Frequency Therapeutics — Hearing Loss Regeneration

It kind of sounds like they are doing some damage control to avoid potebtially antagonising patients. Very ambiguous tweet though...
There is definitely potentially a "we are about to insult many trial participants and want to thank people and not sound ungrateful" angle.

And @ajc, yes trials do get cancelled sometimes but those announcements are not vaguely tweeted first. If Frequency Therapeutics did that, I would definitely lose some respect for them.
 
Fingers crossed. Also, no one mentioned anything about tinnitus scores in this trial... I bet the majority of us are interested exactly in this aspect of the drug?
The only anecdotes we got about tinnitus reducing are from Carl LeBel and the three positive anecdotes we got.
 
But you are then being a blind patriot towards Frequency Therapeutics if you think a multi million dollar company in a clinical trial didn't compute their p values correctly because it doesn't match the outcome you wanted!

Wow I have even less respect now!
You understand what I said so little that you don't even know how to critique it. I didn't say they incorrectly computed their p-values. What I said was that there was a highly useful post hoc calculation (for phase 1/2! I've been ripping part Phase 2 if you bothered to read the past 10 pages or so) that they could have showed off. But in order to arrive at this calculation, someone math literate has to read the Thornton and Raffin paper in detail to know the theory enough.

Don't get me wrong -- I am certainly not suggesting that I am the only one capable of doing this. Many people are capable of doing this. But it appears that they just went to the Thornton and Raffin 95% confidence interval table, found the numbers and saw if the word scores cleared them. That's different from computing p-values to quantify how much they cleared them by.

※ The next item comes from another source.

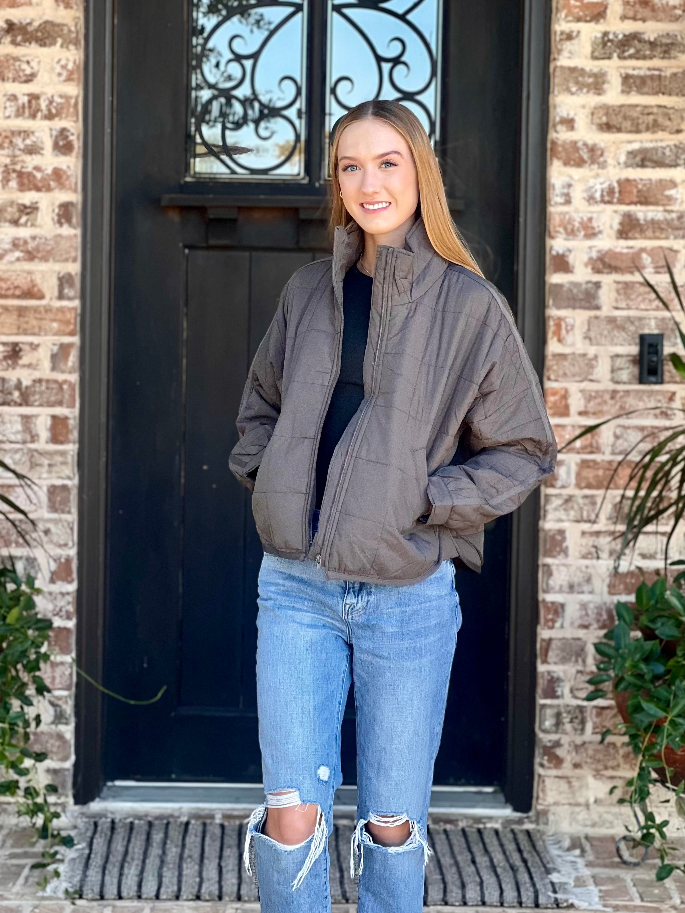 Stay warm and stylish in our Khaki Quilted Square Zip Puffer Jacket! Featuring a unique quilted design and a convenient square zip closure, this jacket is the perfect choice for colder days. Stay cozy and look effortlessly cool.
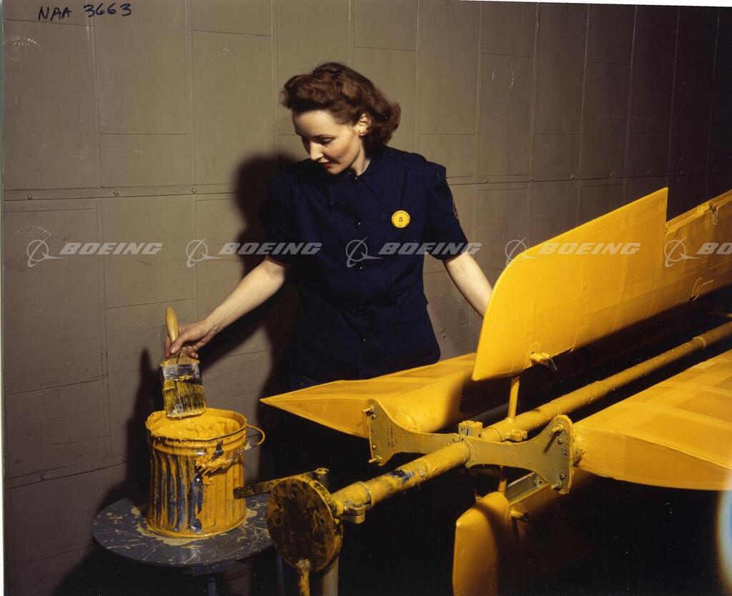 North American Aviation female employee painting.

BTW, not to sound like an elitest (and trust me, people without degrees can sometimes do science better than people with degrees), but I do have a Ph.D. in math. I am a professional scientist.
 
There is definitely potentially a "we are about to insult many trial participants and want to thank people and not sound ungrateful" angle.

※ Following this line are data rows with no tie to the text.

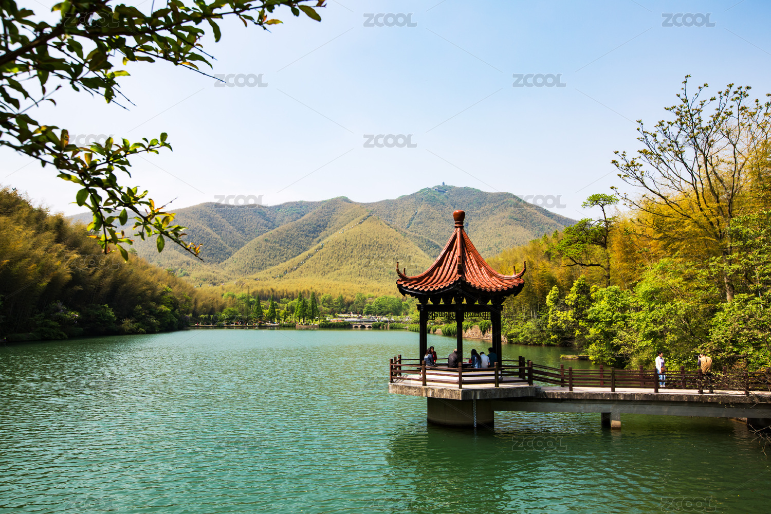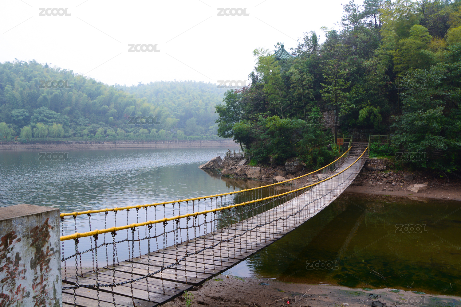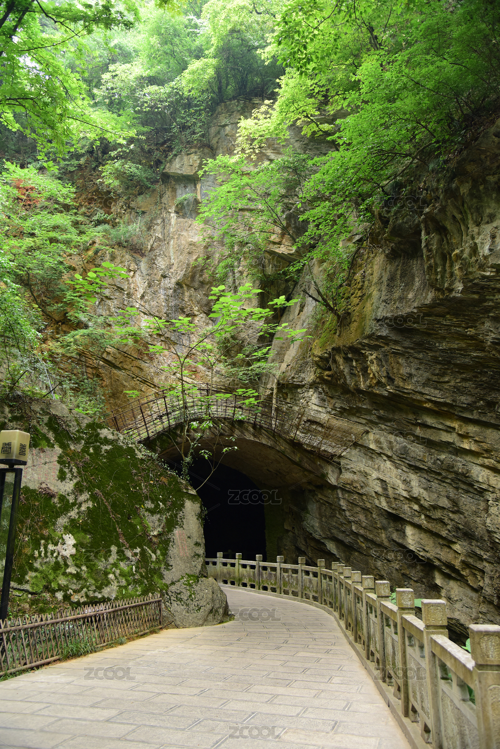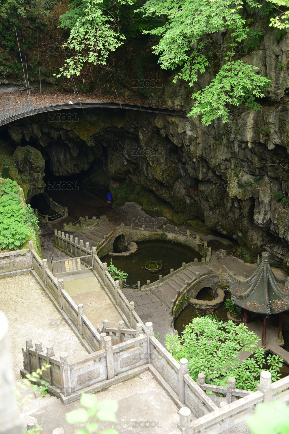 中國(guó)江蘇省無錫市宜興市善卷洞風(fēng)景區(qū)山洞口的小橋涼亭
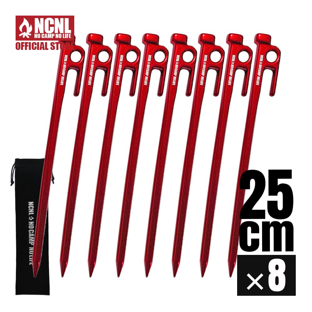 鍛造ペグ 25cm アルミニウム合金 8本セット 超軽量 高強度 頑丈 強靭 テントペグ 錆びにくい 設営道具 登山 硬い土 砂地 草地 砂浜 ソロキャンプ アウトドア用品 キャンプ用品 収納袋付き (レッド)
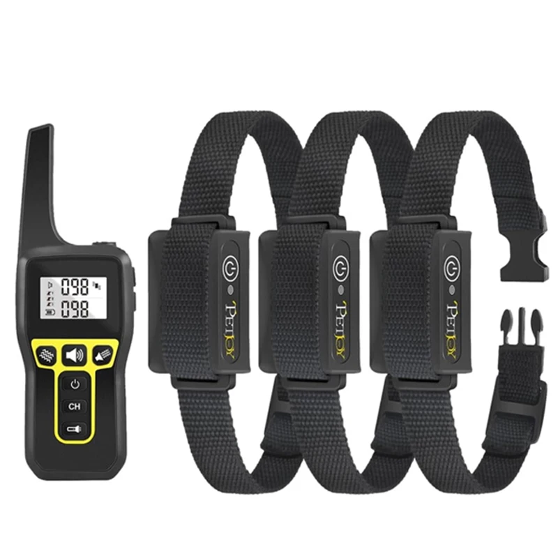 Características principalesModo de entrenamiento multifuncional: incluye funciones de vibración, zumbidos y linterna para adaptarse a las diferentes necesidades de entrenamiento.Adecuado para varios perros: admite el control de hasta 3 cachorros al mismo tiempo, lo cual es muy adecuado para varias familias de mascotas.Receptor de diseño resistente al agua: sin miedo a la lluvia o a las caídas accidentales al agua, lo que garantiza un uso normal en todas las condiciones climáticas.Aplicación: especialmente diseñado para perros pequeños y medianos para satisfacer las necesidades de perros de diferentes tamaños.Opere fácilmente con el control remoto, puede ajustar la intensidad del entrenamiento al instante sin dañar a su mascota. Este collar de entrenamiento no sólo es eficiente sino también muy apto para perros.
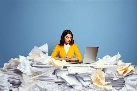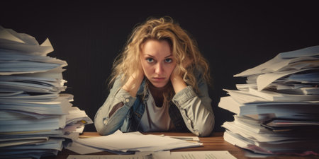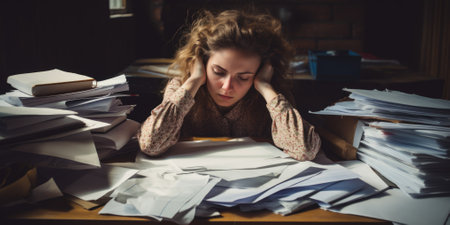 A frustrated woman overwhelmed by stacks of paperwork, representing the challenges of office work and paperwork management.

And @ajc, yes trials do get cancelled sometimes but those announcements are not vaguely tweeted first. If Frequency Therapeutics did that, I would definitely lose some respect for them.
With them usually being very well spoken and thorough, it is a bit of an odd Tweet. Maybe they hired a new social media intern? :dohanimation:
 
The only anecdotes we got about tinnitus reducing are from Carl LeBel and the three positive anecdotes we got.
I wonder if there is a way to get from Frequency Therapeutics what the tinnitus scores were in the current study... Probably won't change the direction of their business development, but still...
 
I wonder if there is a way to get from Frequency Therapeutics what the tinnitus scores were in the current study... Probably won't change the direction of their business development, but still...
They should have all of the tinnitus data available with the complete readout later this quarter.
 
I wonder if there is a way to get from Frequency Therapeutics what the tinnitus scores were in the current study... Probably won't change the direction of their business development, but still...
One of the anecdotes noticed his tinnitus reducing 90% around 3.5 months after the injection, so that's just after 90 days. I'm not sure if he had a gradual tinnitus reducing or if it suddenly dropped by 90% at 3.5 months.

@Aaron91, do you know?
 
I wonder if there is a way to get from Frequency Therapeutics what the tinnitus scores were in the current study... Probably won't change the direction of their business development, but still...
They did initially state that they would reveal tinnitus data with the 90 day group data-release, but it did not happen, and it's probably not a good sign. We will most likely get the final data and the TFI scores on the full Phase 2 read out at the end of June, though.
 
And what is your research based on exactly? Lies, lies, and statistics...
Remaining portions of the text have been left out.